Even as I was reading the new Best of, I was also reading Writing the Sacred into the Real, a compilation of essays on beloved places by poet Alison Hawthorne Deming. The quality of her writing is as important as her subject matter, a statement which Dyson would not necessarily intend as a compliment. I’m not sure why he would exclude scientists from the pleasure of reading her essays, which are as much reflections on writing as they are on nature; she is not a scientist but has read and reflected on science, and it informs her observations without being their subject matter. Her subject matter is the ways in which Americans have been shaped by the natural world, even as much of American culture becomes more removed from it and, consequently, careless in its stewardship. Her purpose is to make us look, really look, at our surroundings: “The human eye does more than see; it stitches the seen and the unseen together, the temporal and the eternal. It wakes me again and again to the astonishment of finding myself in a body moving through a world of beauty and dying and mystery.” She insists on the power and presence of the invisible in human experience, on the ways in which a deep, focused involvement with nature leads to a glimmer of understanding that surpasses the sum of its parts:
For me, the natural world in all its evolutionary splendor is a revelation of the divine—the inviolable matrix of cause and effect that reveals itself to us in what we cannot control or manipulate, no matter how pervasive our meddling. This is the reason that our technological mastery over nature will always remain flawed. The matrix is more complex than our intelligence. We may control a part, but the whole body of nature must incorporate the change, and we are not capable of anticipating how it will do so. We will always be humbled before nature, even as we destroy it. And to diminish nature beyond its capacity to restore itself, as our culture seems perversely bent to do, is to desecrate the sacred force of Earth to which we owe a gentler hand.

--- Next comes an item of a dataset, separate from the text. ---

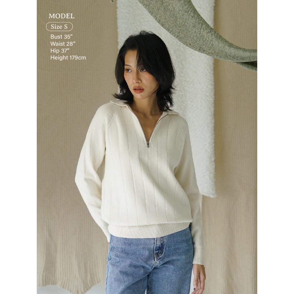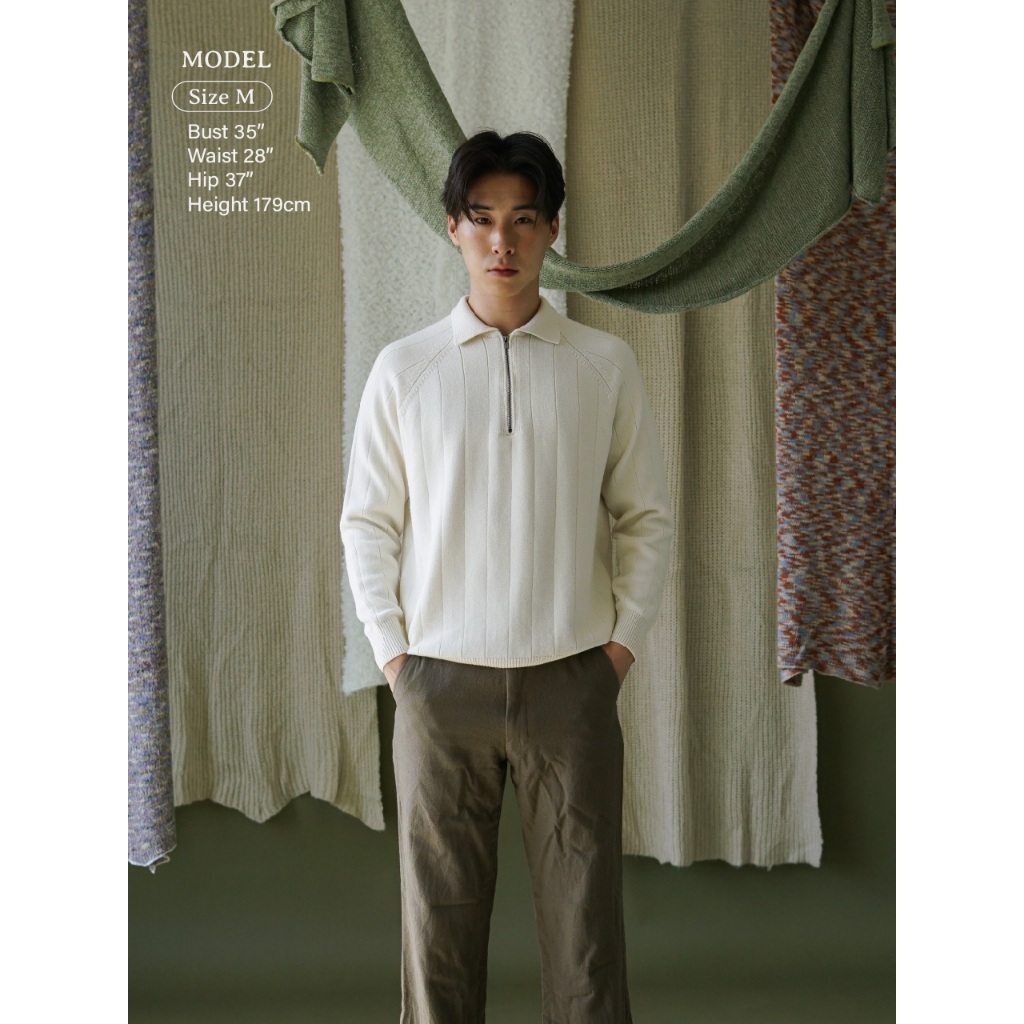 knitCircle - TIMOTHEE Long sleeve Knit zipper Polo (2 สี) Men's collection เสื้อโปโลไหมพรมแขนยาว ซิปคอ ทรงพอดีตัว

This doesn’t sound all that different from what Einstein said about his sense of faith:
A knowledge of the existence of something we cannot penetrate, of the manifestations of the profoundest reason and the most radiant beauty—it is this knowledge and this emotion that constitute the truly religious attitude; in this sense, and in this alone, I am a deeply religious man…. Enough for me the mystery of the eternity of life, and the inkling of the marvelous structure of reality, together with the single-hearted endeavor to comprehend a portion, be it ever so tiny, of the reason that manifests itself in nature.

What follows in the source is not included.